High CPU Usage, Low Troughput
-
Hello! I'm deploying a new HA firewall pair. Now that they are installed, I am seeing much lower throughput that expected and maxed CPU. The two firewalls are XG-7100s each connected with the 10g ports LACP bonded to a Cisco Nexus switch. The WAN and LAN are VLANs on the LAGG. The two firewalls are then connected directly to each other on a 1g port for Sync traffic. There are no major packages or services running on the firewalls. I was expecting to be able to push a minimum of 8g through the firewall maybe all the way up to 20g but I'm having an issue much sooner.
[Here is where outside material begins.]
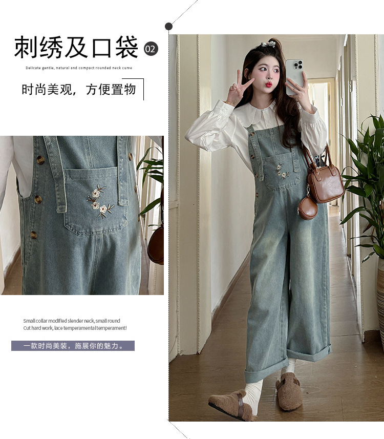 Джинсовый комбинезон для беременных, модный осенний новый стиль, корейская версия, с эффектом омоложения, с воротником-стойкой, свободные повседневные брюки с широкими штанинами

When I start to put load on the firewall, I hit a wall around 1-2g. When it gets to its wall, the CPU is completely maxed; like can't get to the WebUI maxed. I started going through the CPU troubleshooting guide but it doesn't include any info on how to interpret the data or act on it. Here is an output from top -aSH but let me know if there is more info I can provide.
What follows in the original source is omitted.